Little Feat are back in action once again, doing an anniversary tour celebrating the 1978 live album, Waiting for Columbus, in which the band plays all 17 of the double-album’s songs.

“We did two nights at the Ryman Auditorium. We’re filming that, so there were a bunch of guests for those two shows [including Eric Church, Bettye LaVette and Widespread Panic’s JoJo Herman],” Payne says. “Quite frankly, I think [this tour] was a ballsy way to do it. You take your most famous and most revered of all those albums and play it in its entirety. It’s going to sound a lot like Little Feat, because that’s who we are. I felt very confident that we would do what we were supposed to do, based on the [remote] recordings we’ve been doing. We’re always going to have horns as well.”

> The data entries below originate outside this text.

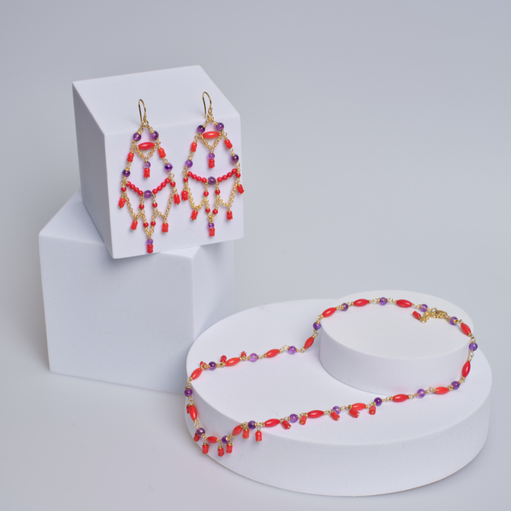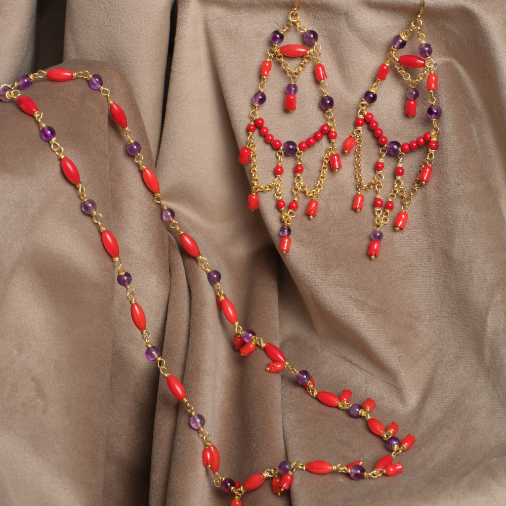 Gli orecchini sono realizzati con corallo bambú rosso e quarzo ametista. Montati in ottone dorato nichel free. Il girocollo con corallo di bambù rosso e quarzo ametista è montato su una raffinata catena in ottone dorato nichel-free. La chiusura in argento rodiato oro aggiunge un tocco di eleganza. Con una lunghezza regolabile massima di 50 cm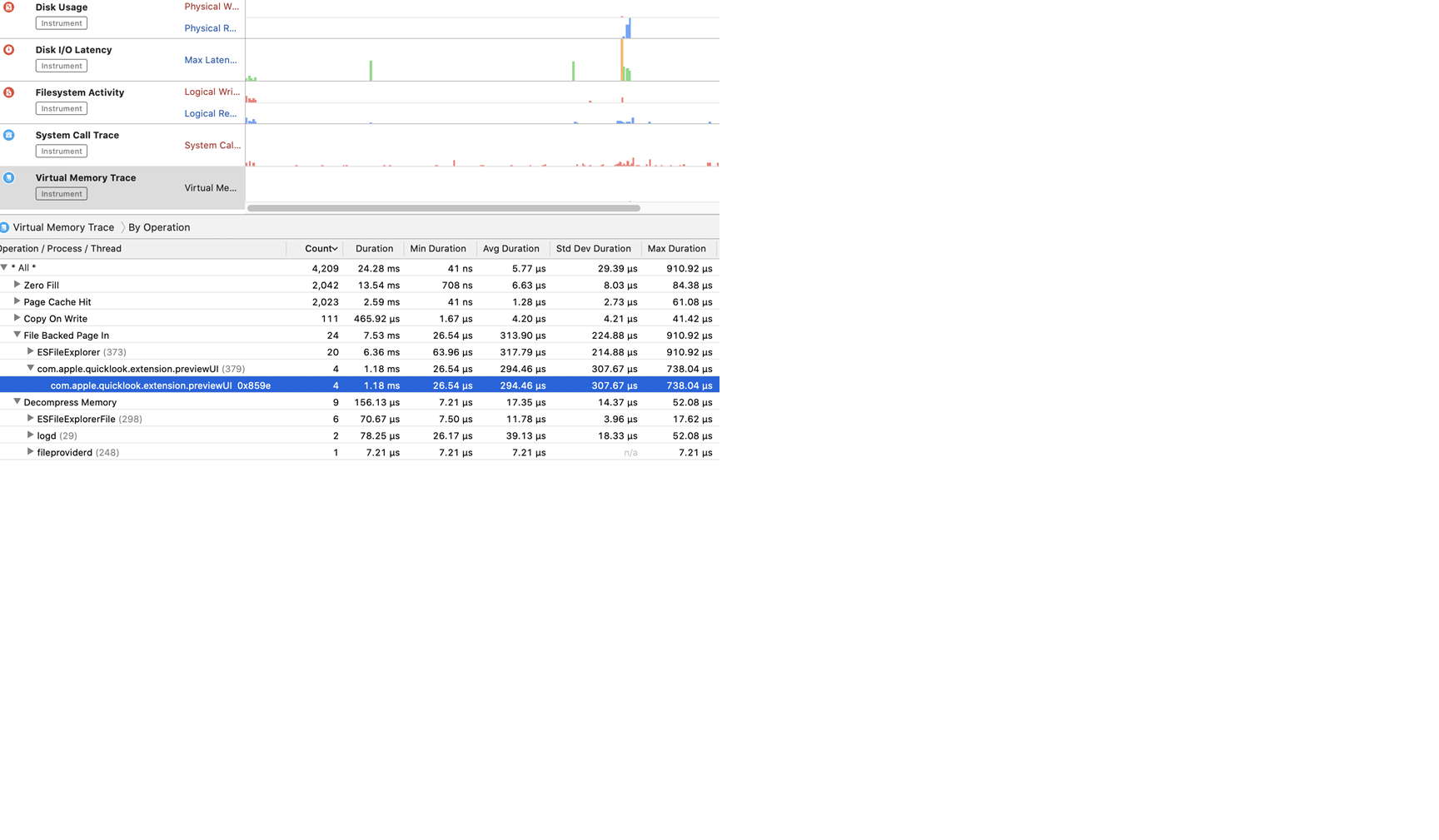 - In "Virtual Memory Trace", it shows totally 4-times of "File Backed Page In" operations, and each operation size is 16K. (Please refer to P2.png & P3.png attached)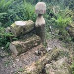 I read about it in the guidebook: Robert Stephen Hawker was vicar of Morwenstow parish from 1834 until his death in 1875. He built this small hut out of driftwood below the cliff edge. He is said to have often sat there, smoked morphine, and written. Apparently a somewhat eccentric figure in a burgundy frock coat, blue sweater, yellow poncho, and high fishing boots, he is said to have excommunicated his cat for mousing on Sundays and to have had a pet pig. His works certainly don’t seem to have been unknown to the public at the time.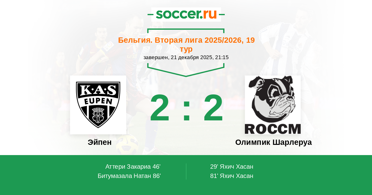 81' (1:2) Яхич Хасан (4) (Кахбах Матье (17))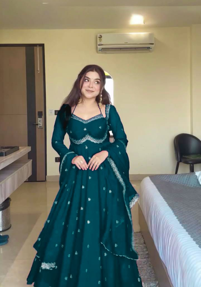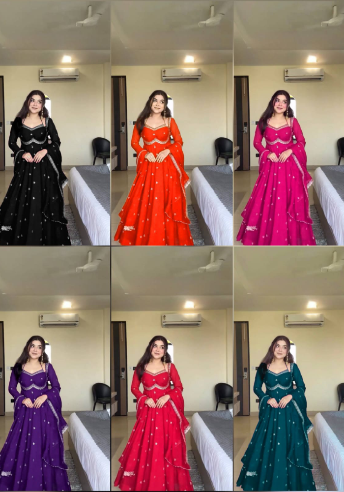 Desirable Women’s Fully Flair Gown Made With Star Georgette Fabrics And Designer Embroidered Dupatta With Attractive Lace Border,,,length :- 56 Inch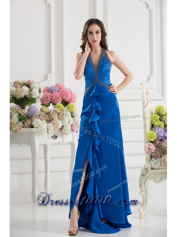 Column Blue Empire Halter Top Prom Dress with Beading and High Slit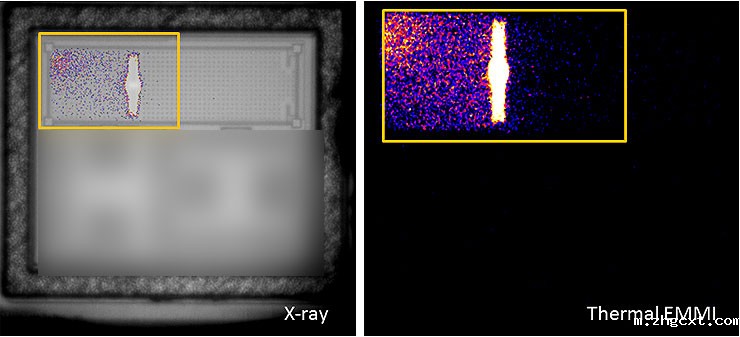 2、电气实验分析:采用热EMMI检测技术来精确定位锁定位置(见下图)。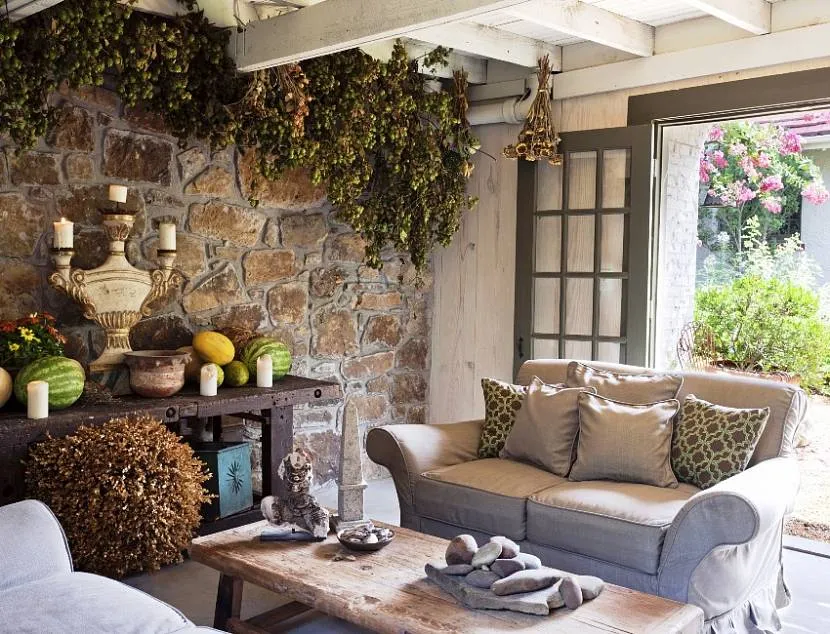 К этим стилям можно отнести прованс, гранж, кантри, шале, шебби-шик. В основном используют текстуры натурального камня в виде пластинчатого сланца, булыжника, песчаника. Каменный декор наряду с натуральным деревом доминирует в интерьере.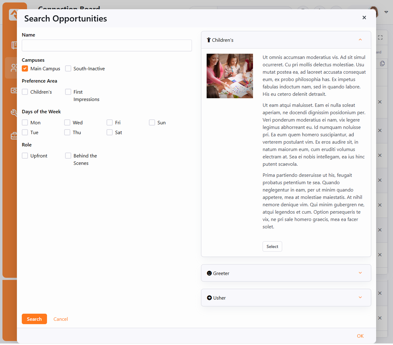 Through the transfer process you want to make sure you find each individual the right next opportunity. Otherwise, they might feel like a hot potato. The Search button allows you to look at all the new opportunities to help coach them on what might be best for their personality and situation. Below is the search screen for the Involvement connection type.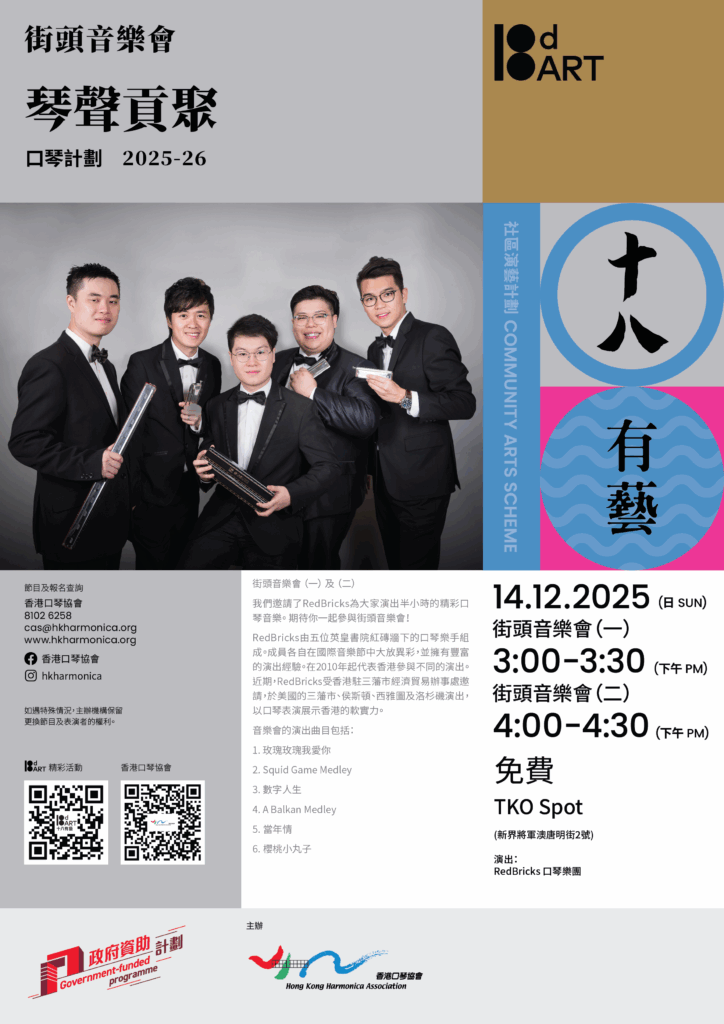 我們邀請了 RedBricks 為大家演出半小時的精彩口琴音樂。 期待你一起參與街頭音樂會!

“The journey has been really interesting, personally and certainly with Little Feat,” he says. “But I’ve always been able to play with other bands and it always gave me a loose attitude about what makes up a band. A band is not Bob Seger and the Silver Bullet Band. They’ve got that, but they don’t all write music with each other either. Bob will say they’re going to do this or that and that’s what they do. Lowell George rarely did that with us. We were more like The Beatles or The Rolling Stones.”

That’s not to say Little Feat was a democracy in the purest sense, although George, in interviews before his death said that was how he looked at the band.

“You walk in with an idea for people and maybe they say, ‘Eh, that’s OK.’ Or [you tell everyone] ‘You play it whether you want to or not,’ which is what I said when I walked through the door with [the song] ‘Oh, Atlanta,’” Payne says. “It wasn’t like, ‘Can we do this?’ It was, ‘We’re doing this.’ It wasn’t just me. Other people had walked in with stuff and we tried. Not everything we played would make it. It’s a band. Certain people go to the nth degree and everyone [in their bands] has got an equal voice. I don’t think an equal voice is what it’s all about.”